#### Recorded data
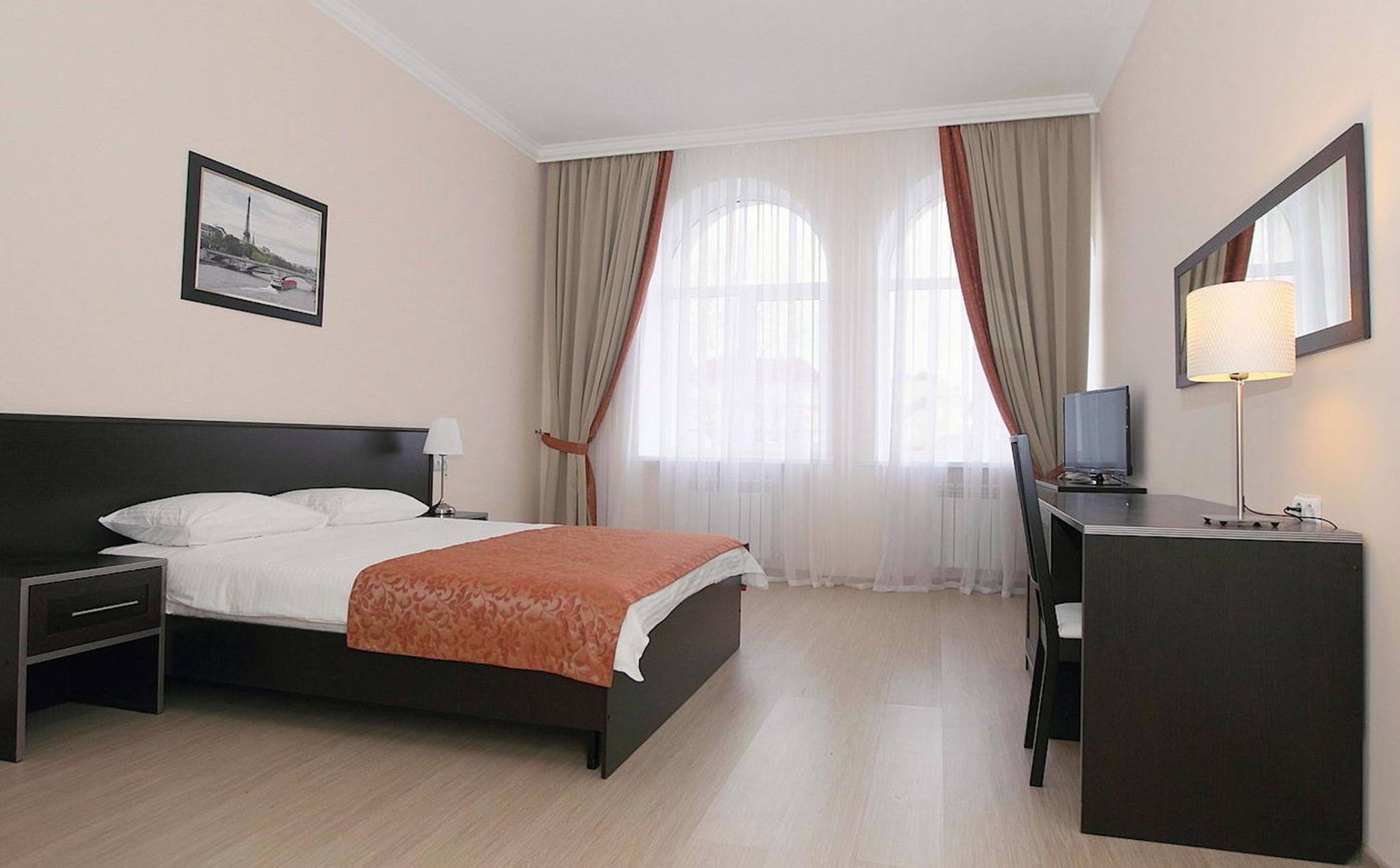 Для Вас в нашем отеле «Мезонин» предусмотрена возможность работы в конференц зале с прекрасным видом на панораму города.
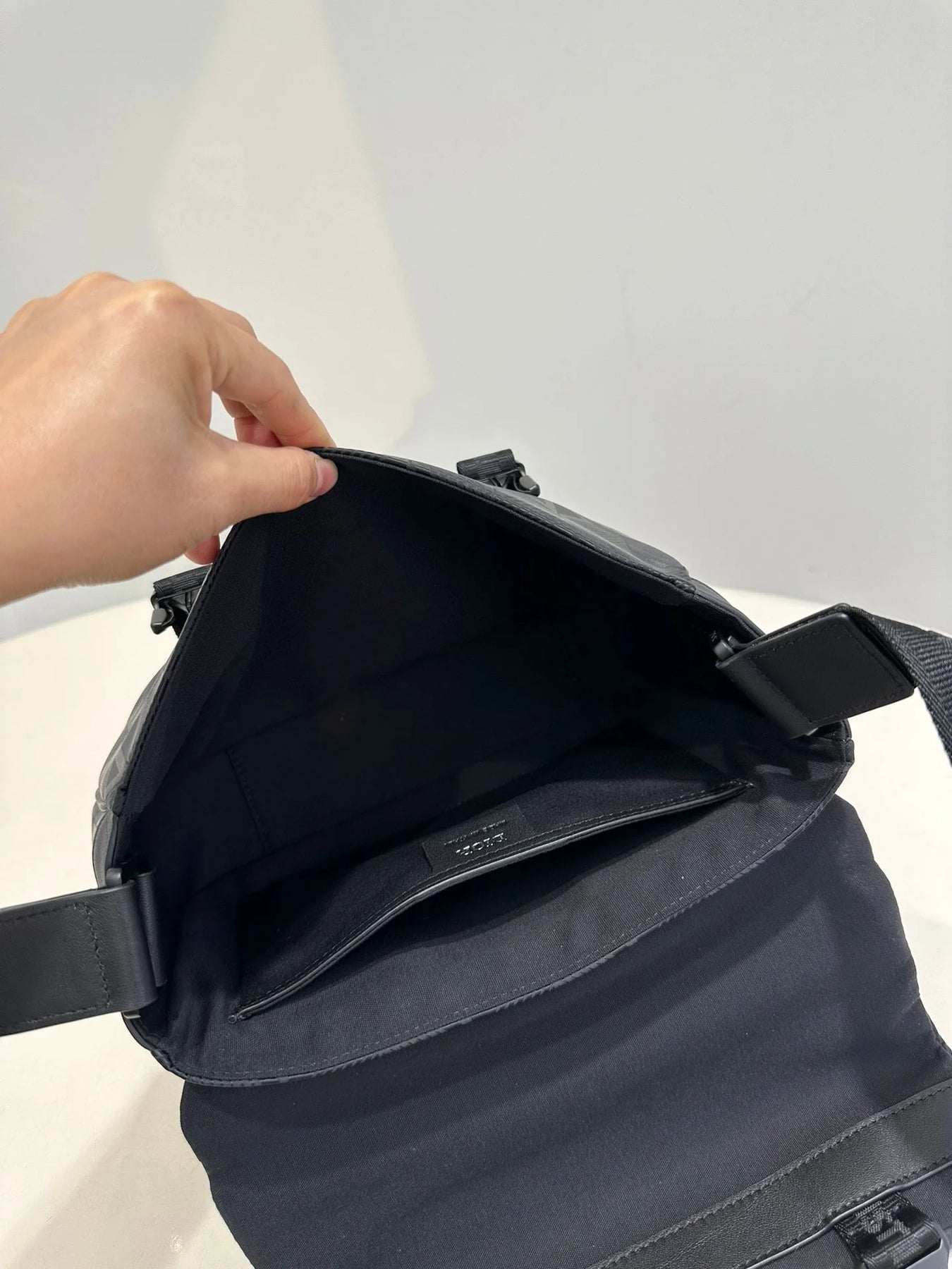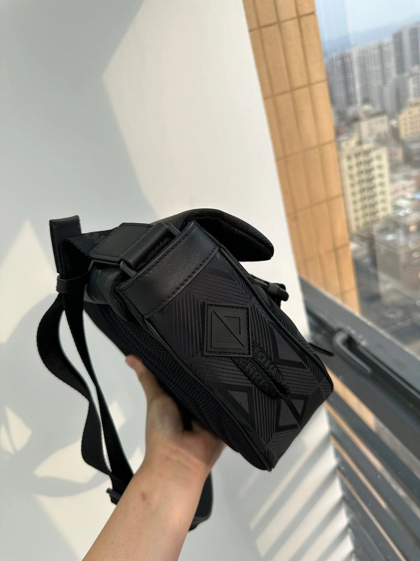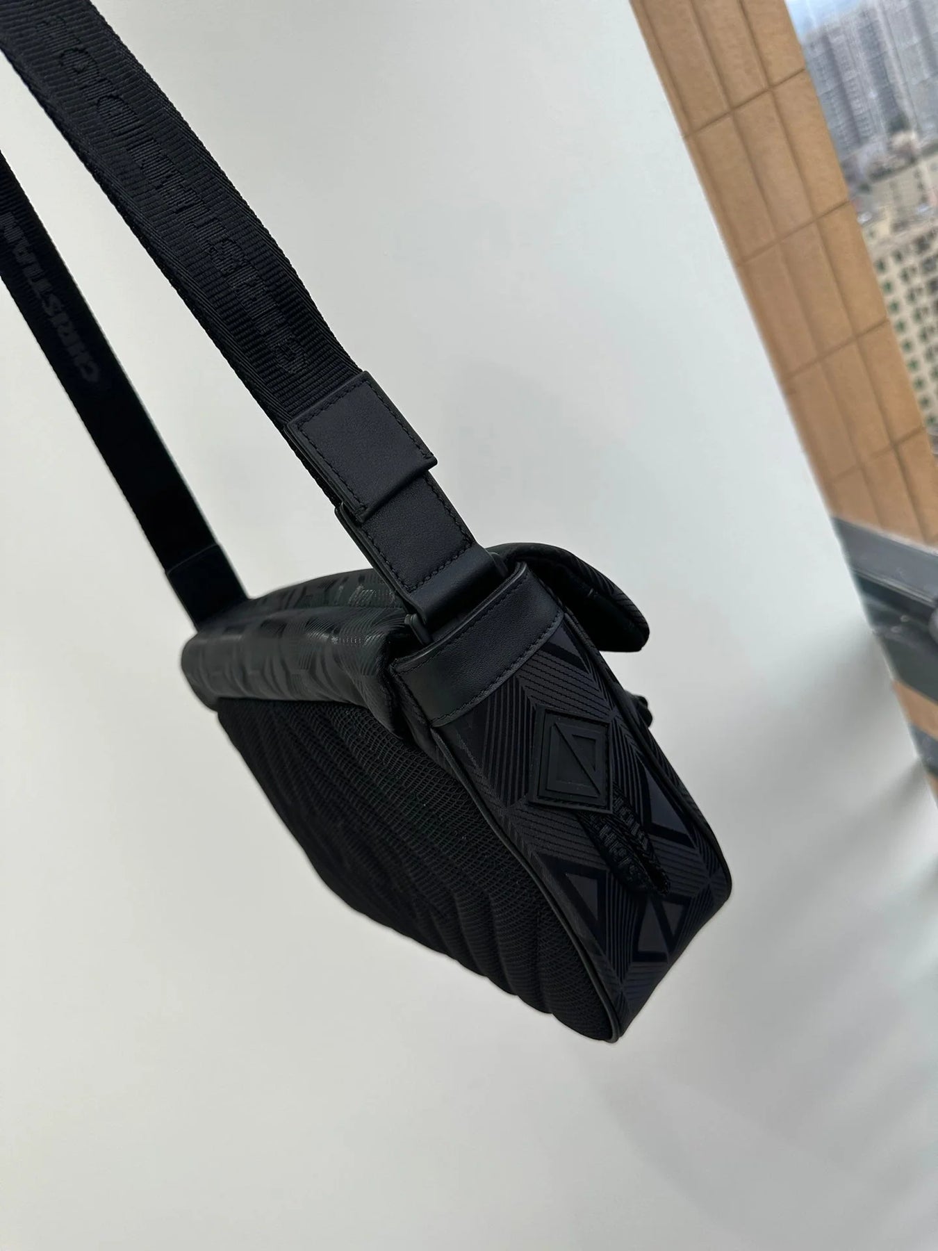 The new black nylon ski series one-shoulder oblique span bag, inspired by the classic messenger bag elements, reinterprets the classic design of the men's ski limited series, is a technical fabric to be decorated with the brand's eponymous pattern, with rainbow and reflective effects, the fabric is light and flexible, good gloss, and the material is durable, dust, rain and easy to manage. The side is decorated with a signature rubber patch, the top zipper and clamshell open and close design, the inside has an inner sticker bag, a large space, the capacity can hold the daily needs, the details are perfect, the back is quilted technological mesh woven pad, decorated with three-dimensional relief logo, soft and soft back is very comfortable. With the adjustable shoulder strap decorated with padded leather inserts, the upper class comes out immediately, very versatile, casual, neutral bags for both men and women, how to match all look good! Concave shape to take it is also a bar drop without problems, practical super bag, recommended
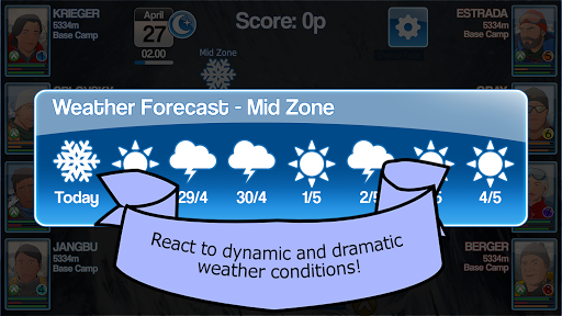 Be prepared to encounter erratic weather patterns on your ascent, requiring your quick reaction to adapt to unfamiliar terrain and dynamic situations. Surviving the “death zone” will become your top priority. The higher you ascend, the greater the rewards, but make sure that your teammates are well-rested and in top health. Failure to do so will cause severe penalties for injuries.
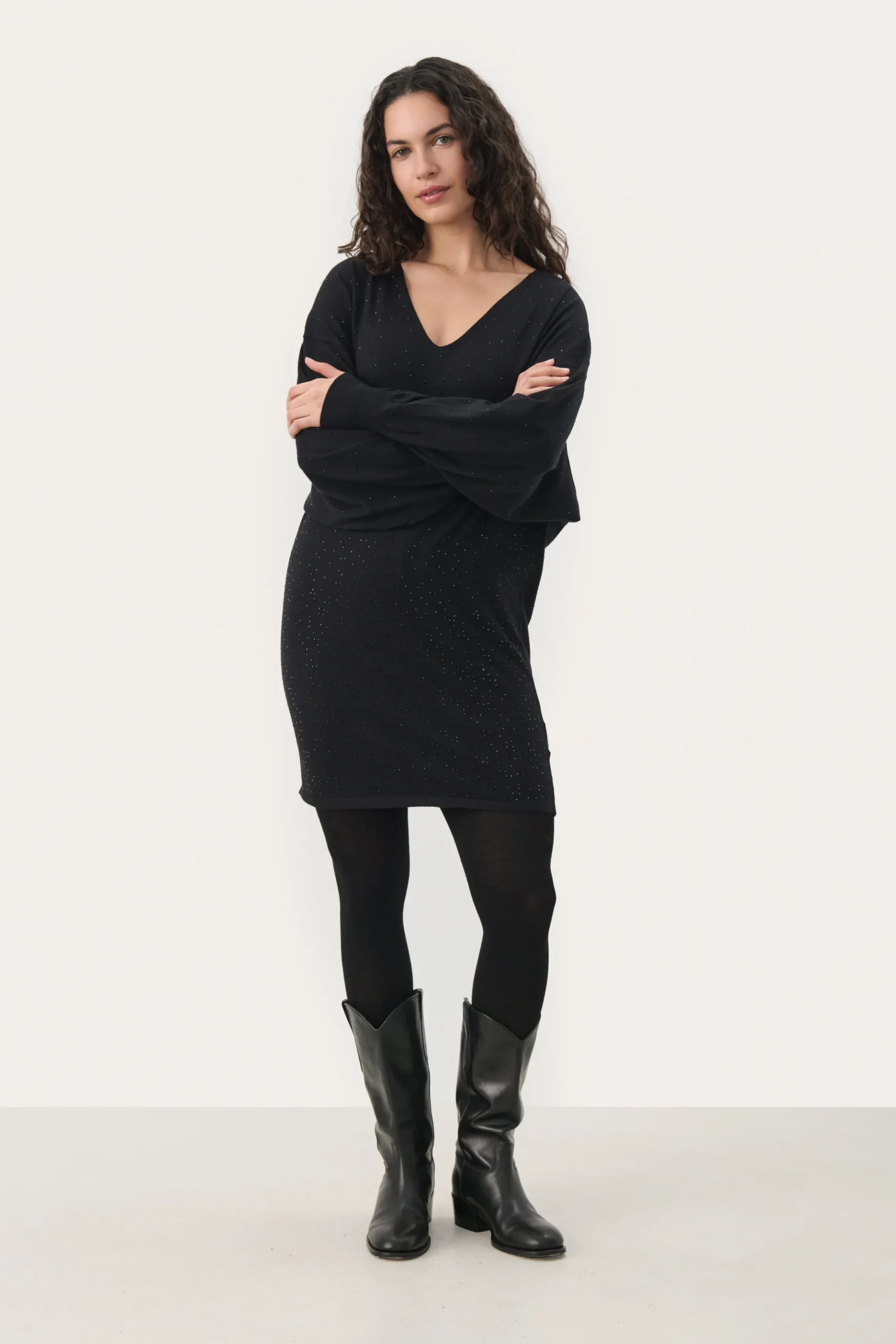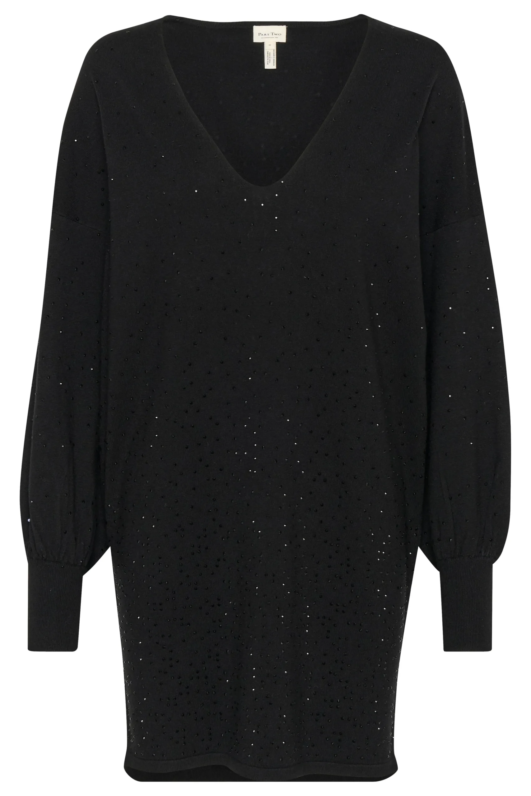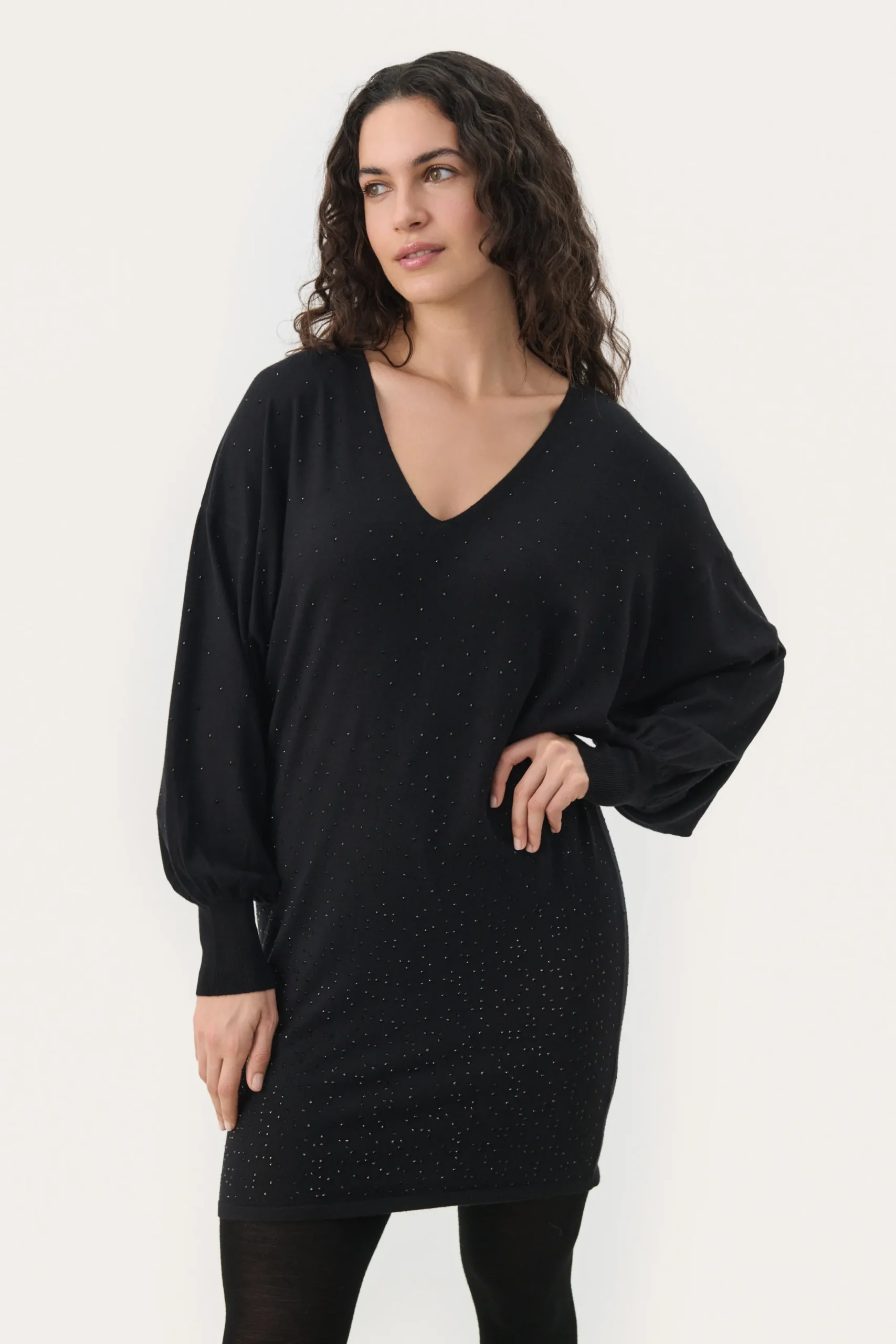 Denne sorte kjole med V-udskæring og diskrete glitrende detaljer er det perfekte valg til både hverdag og festlige lejligheder. Den løse pasform og de lange ærmer skaber et komfortabelt og stilfuldt look. Perfekt at kombinere med strømpebukser og støvler for et elegant, men afslappet outfit.
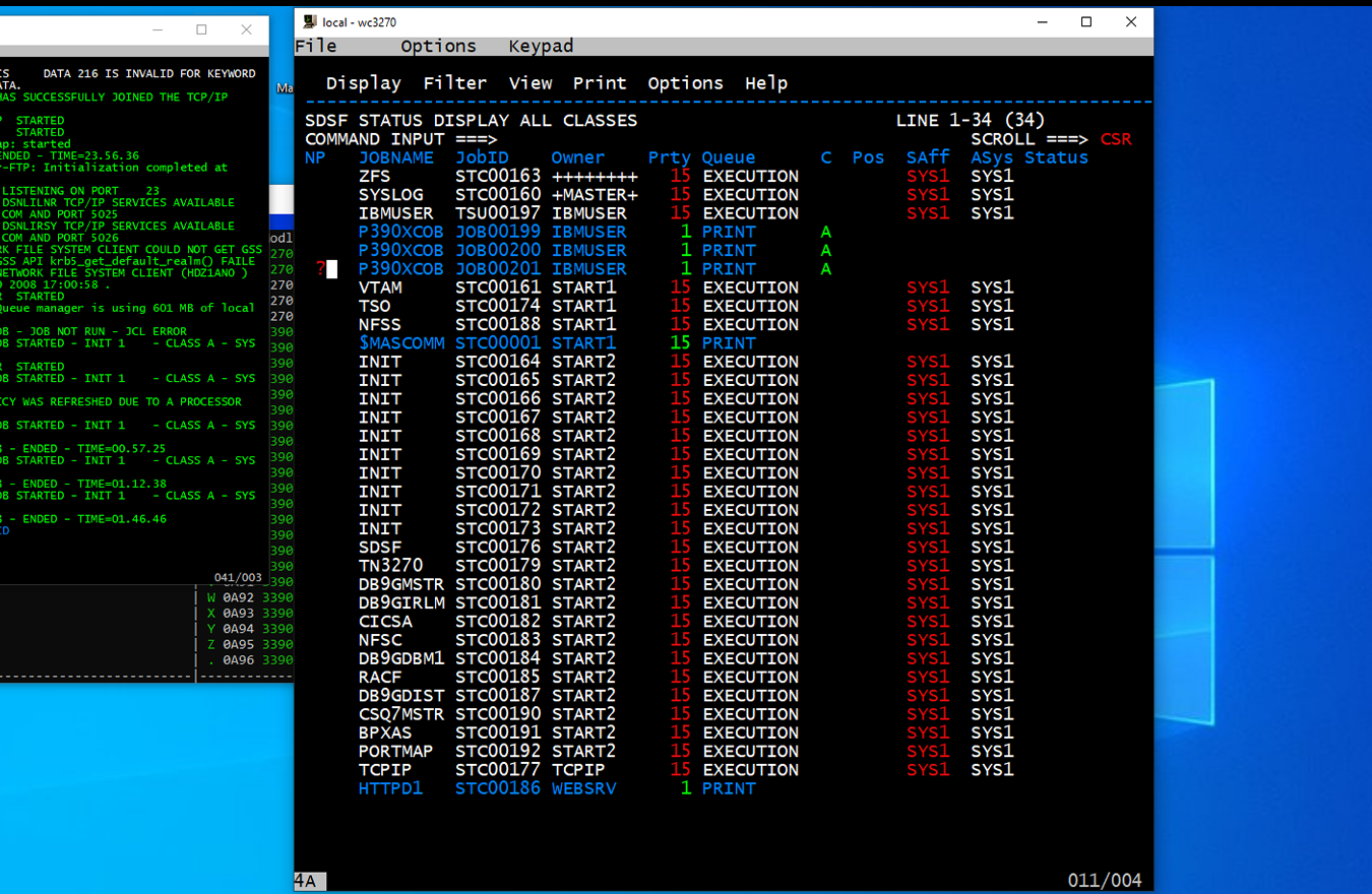 Visualizamos el JOB correspondiente a nuestro usuario (IBMUSER en este caso) y el numero 00200 que es el que nos indicó el 'SUB' del JCL.
########
**What this task involves**
Set down the full listing above with its wording unchanged. Leave out its images.

**Answer space**
 Для Вас в нашем отеле «Мезонин» предусмотрена возможность работы в конференц зале с прекрасным видом на панораму города.
 The new black nylon ski series one-shoulder oblique span bag, inspired by the classic messenger bag elements, reinterprets the classic design of the men's ski limited series, is a technical fabric to be decorated with the brand's eponymous pattern, with rainbow and reflective effects, the fabric is light and flexible, good gloss, and the material is durable, dust, rain and easy to manage. The side is decorated with a signature rubber patch, the top zipper and clamshell open and close design, the inside has an inner sticker bag, a large space, the capacity can hold the daily needs, the details are perfect, the back is quilted technological mesh woven pad, decorated with three-dimensional relief logo, soft and soft back is very comfortable. With the adjustable shoulder strap decorated with padded leather inserts, the upper class comes out immediately, very versatile, casual, neutral bags for both men and women, how to match all look good! Concave shape to take it is also a bar drop without problems, practical super bag, recommended
 Be prepared to encounter erratic weather patterns on your ascent, requiring your quick reaction to adapt to unfamiliar terrain and dynamic situations. Surviving the “death zone” will become your top priority. The higher you ascend, the greater the rewards, but make sure that your teammates are well-rested and in top health. Failure to do so will cause severe penalties for injuries.
 Denne sorte kjole med V-udskæring og diskrete glitrende detaljer er det perfekte valg til både hverdag og festlige lejligheder. Den løse pasform og de lange ærmer skaber et komfortabelt og stilfuldt look. Perfekt at kombinere med strømpebukser og støvler for et elegant, men afslappet outfit.
 Visualizamos el JOB correspondiente a nuestro usuario (IBMUSER en este caso) y el numero 00200 que es el que nos indicó el 'SUB' del JCL.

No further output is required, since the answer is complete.